Class action lawsuits brought under the Telephone Consumer Protection Act (TCPA) can have serious financial consequences if the class is certified as damages can be up to $1,500 per call. For this reason, if a plaintiff wins a motion for class certification, the case will often settle as the defendant cannot risk a catastrophic financial reward. But occasionally, circumstances arise and the judge can reconsider certification as recently occurred in the Northern District of Illinois.
In Brodsky v. HumanaDental Ins. Co., 2017 U.S. Dist. LEXIS 137608 (N.D. Ill. Aug. 28, 2017), Judge Robert Blakely decertified a TCPA class action after the court determined it would have to conduct a series of mini-trials to determine whether the fax recipients had prior business relationships or provided consent to receive faxes from HumanaDental Insurance Company. Brodsky had alleged he received faxes from HumanaDental Insurance Company that failed to comply with the TCPA’s Solicited Fax Rule, which requires an opt-out notice on certain faxes.

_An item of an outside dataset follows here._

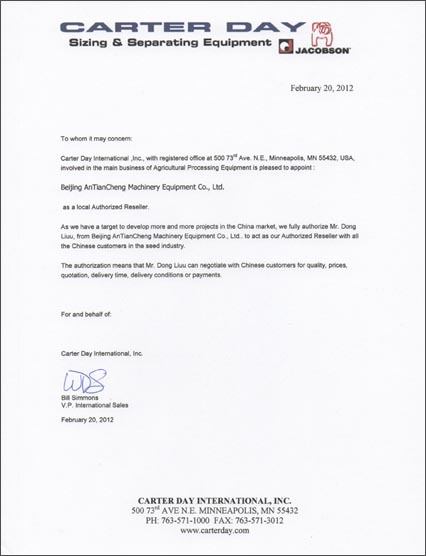 Carter Day公司充分授權北京安田成機械設備有限公司的劉東先生,在中國種業作為Carter Day公司的授權經銷商。作為中國種業的授權經銷商,我們有一個共同的目標就是開發更多的項目在中國市場,對于CarterDay公司旗下所有產品,劉東先生代表Carter Day公司可以與中國客戶有權進行質量交涉、價格、報價、交付時間、交付或付款等等事項。

As discussed in a previous article, the D.C. Circuit struck down the Solicited Fax Rule in Bais Yaakov of Spring Valley v. Federal Communications Commission, 852 F.3d 1078 (D.C. Cir. 2017), holding it unlawful to the extent that it requires opt-out notices on solicited faxes. The court held the clear text of the TCPA reaches only unsolicited fax advertisements and that the FCC did not have authority to enforce a rule governing solicited faxes.

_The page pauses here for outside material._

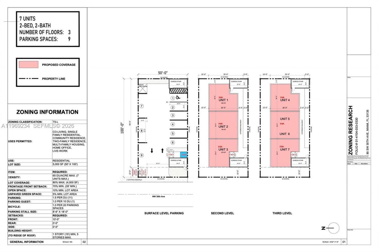 Amazing developer opportunity, 5,000 SQFT LOT, Zoned T5-L with no abutting T3 lots. The preliminary site plan shows 7 units by right with parking. 2/1 plus efficiency Single-family home on site , brand new roof. Can generate cash flow while getting approvals.

Relying on Bais Yaakov, Judge Blakely held that to determine whether any member of the proposed class had a TCPA claim, he would first have to determine whether the proposed class member solicited the faxes. This issue of individual consent meant that class treatment was no longer appropriate under federal class action rules.
A growing number of courts have held Bais Yaakov is good law outside of the D.C. Circuit. For example, the Sixth Circuit recently affirmed in a TCPA class action that (1) Bais Yaakov is controlling and invalidates the Solicited Fax Rule; and (2) whether faxes were solicited or unsolicited prevented common questions from predominating and denied class certification. Sandusky Wellness Ctr. Ltd. Liab. Co. v. ASD Specialty Healthcare, Inc., 863 F.3d 460 (6th Cir. 2017).